To the Village Square – a photojournalist’s collection of anti-nuke images that span the last 40 years

Although the No Nukes slogan hearkens back to a louder, more passionate era of demonstrators of the 1970s, To the Village Square is a stark reminder that nuclear disasters are still happening, and that it still takes a village of voices – and images – to raise awareness.

Photojournalist Lionel Delevingne, who moved from France to the US in the 1970s, has been documenting the “No Nukes” crusade for almost four decades through his raw and striking photographs. His candid images of passionate demonstrators and disaster-stricken regions and their victims have been published in Vanity Fair, Newsweek, The New York Times, National Geographic, and many other publications. From the protestors of the Seabrook Station in Massachusetts to the disasters of Three Mile Island, Chernobyl, and Fukushima, Delevingne has captured the emotions, devastation and unity brought about by the anti nuclear movement.

See sample pages from this book at Wink.

Notable Replies

  1. I am among the many thousands of people who helped stop the Seabrook and Shoreham nuclear power plants from opening.
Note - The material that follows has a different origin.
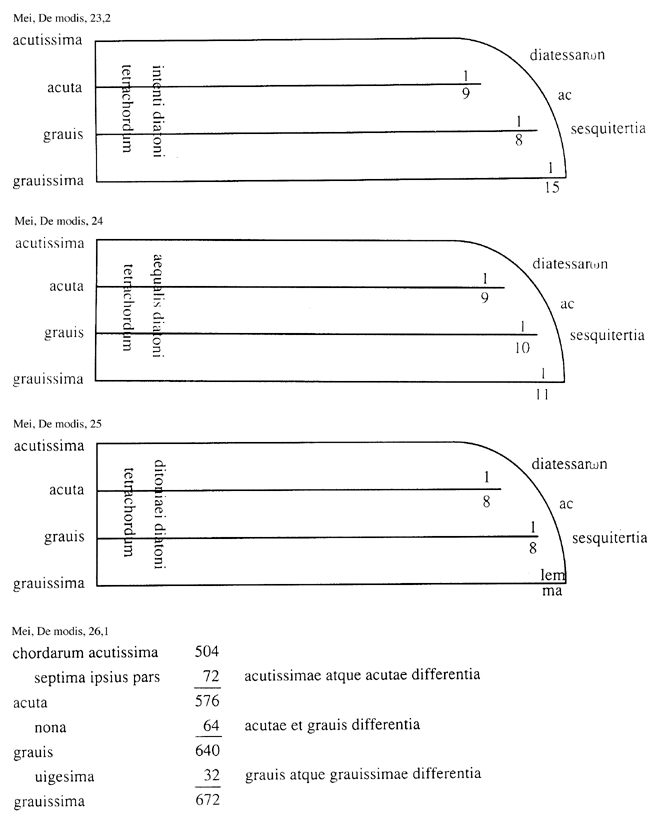 [Mei, De modis, 24; text: acutissima, acuta, grauis, grauissima, aequalis diatoni tetrachordum, 1/9, 1/10, 1/11, diatessar[Omega]n ac sesquitertia]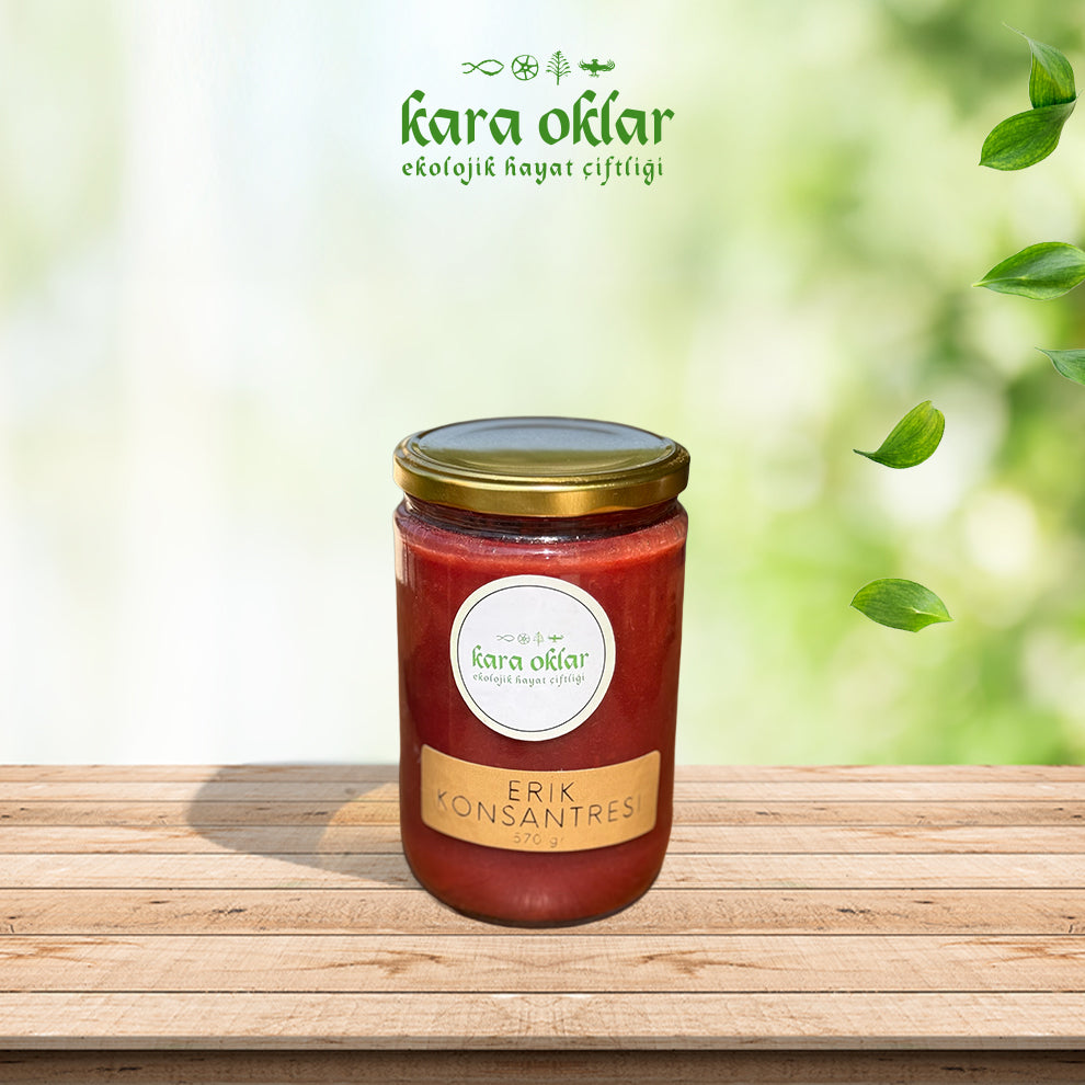 Demirci Köyü'nde yetişen eriklerden elde edilen bu konsantre, pestisitsiz üretim garantisiyle hazırlanmıştır. 1 litre konsantreden 3 litre erik suyu elde edebilirsiniz. Damak çatlatan nefasete ulaşmak için soğuk içiniz.

    As a huge supporter of science I really like the theory of nuclear energy. As an observer of the human condition I am concerned about the danger of concentrating so much risk (safety, economic, political, and security risk.) We (humans) are not very good at assessing and planning for low-probability/high-impact dangers. So my opposition to proliferation of nuclear energy remains, at present, while I acknowledge that our continued burning of coal (for example) is a current and ongoing poisoning that should not be ignored.

  2. ssam says:

    Anti-nuke fear is the reason we still get most of our power from fossil fuels.